Motto.net.ua
Маяк

После Севастополя и Карса наступил момент истины. С одной стороны, потери и победы каждой из сторон делали возможным разговор о мире. С другой, Парижу и Лондону нужен был только победоносный мир, слишком уж дорогой была эта война, чтобы закончиться неопределенно. И, наконец, напряжение войны достигло такого предела, что перелом в военных действиях стал бы возможным только в случае расширения коалиции. Возможности России сопротивляться не были безграничными.
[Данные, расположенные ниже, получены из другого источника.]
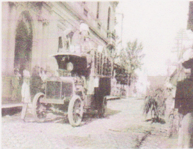
Camión Postal saliendo de lo que ahora es la Antigua Casa Presidencial donde funcionó temporalmente el Correo en La época de 1930

El edificio que abarca la mitad de una amplia cuadra se levantó con gruesos adobes, contando con un amplio patio interior rodeado de altos corredores siguiendo el estilo clásico de las construcciones coloniales.

Осенью 1855 г. военные неудачи союзников в Малой Азии были компенсированы политическими успехами. 21 ноября 1855 г. был подписан оборонительный союз между Швецией, Англией и Австрией. По секретному приложению к этому документу Стокгольм обязался начать подготовку к военным действиям в Финляндии, для чего в 1856 г. предполагалось собрать в Швеции до 165.000 шведских, норвежских, французских, английских и даже датских солдат и офицеров. Трудно с уверенностью утверждать, насколько реален был этот план, но безусловно одно — северо-западный театр военных действий становился более опасным для России направлением. Проверить, насколько крепка была оборона там, где находились лучшие части русской армии, союзникам не пришлось, тем более, что один из них, а именно Франция — твердо стремилась к достижению мира и отнюдь не была заинтересована в расширении географии войны. Пока английская дипломатия готовила в Стокгольме почву для кампании 1856 года, французская в Вене прилагала усилия к тому, чтобы ее и вовсе не было. Австрийский посол в Англии докладывал своему правительству, что Наполеон III хочет мира, и поэтому считает выступление Австрии наиболее быстрым способом его достижения.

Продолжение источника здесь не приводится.